That would carry even fewer people than a Westbury to Reading shuttle. There just aren't lots of potential all day customers at Bedwyn or Pewsey looking for connections at Westbury.
What would be better about it? What are the traffic generators?
At the end of the day, maybe it's best to just restore the hourly Paddington to Bedwyn, as that has run for many years. As I said up-thread, if they have the units to run it in the peak, that implies they ought to be able to find them off-peak.
If they can't do this immediately, fair enough, but that's what they should aspire to.
Current weekday Frome to Paddington direct services are at 06.12 and 09.01 with a single return at 18.08. The 09.01 also runs on Saturdays. These are unchanged in the May timetable.
I imagined the Exeter semi-fasts would call at Frome, but it appears not. Again, given the Exeter semi-fast's prime reason for operating is to link the intermediate towns to London, Reading and Exeter (and beyond), why not call them at Frome?
They could for instance try and tweak things so that the Plymouth fast overtakes the Exeter semi-fast while it's in the Westbury-Frome area and off the main line, not sure how difficult that would be to do.

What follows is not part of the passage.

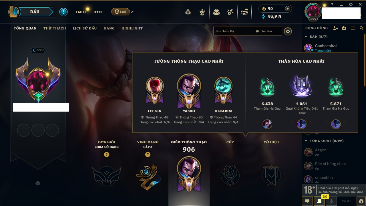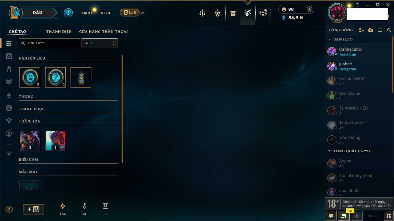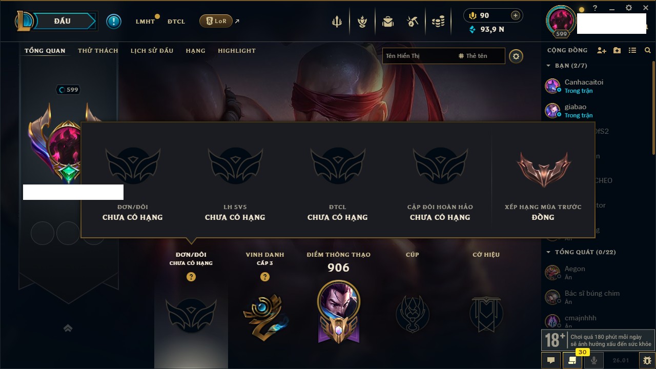 Rank Đơn: Chưa RankKhung: Chưa có khungTướng: 171 - Còn 827961 THXTrang Phục: 193Rank ĐTCL: Chưa RankLinh Thú: 63

09.04 (summer only), 15.04 and 17.04 have always run through to Cornwall since the big Dec 19 change. Plymouth terminators are few and far between.
Ah ok, thanks. I think I probably counted the 15:04 as a 'peak' service in my mind (as on Fridays, certainly, long-distance services start getting busy mid-afternoon), and if the 09:04 was a Plymouth terminator in the winter (Dec 2019 being winter of course) the picture in my head would have been for off-peak odd-hour services to terminate at Plymouth with Cornwall extensions at peak time only.
But in relation to the original discussion on Westbury stops, maybe just bringing back the Paddington-Bedwyn is what they should aspire to, as I said in my last post.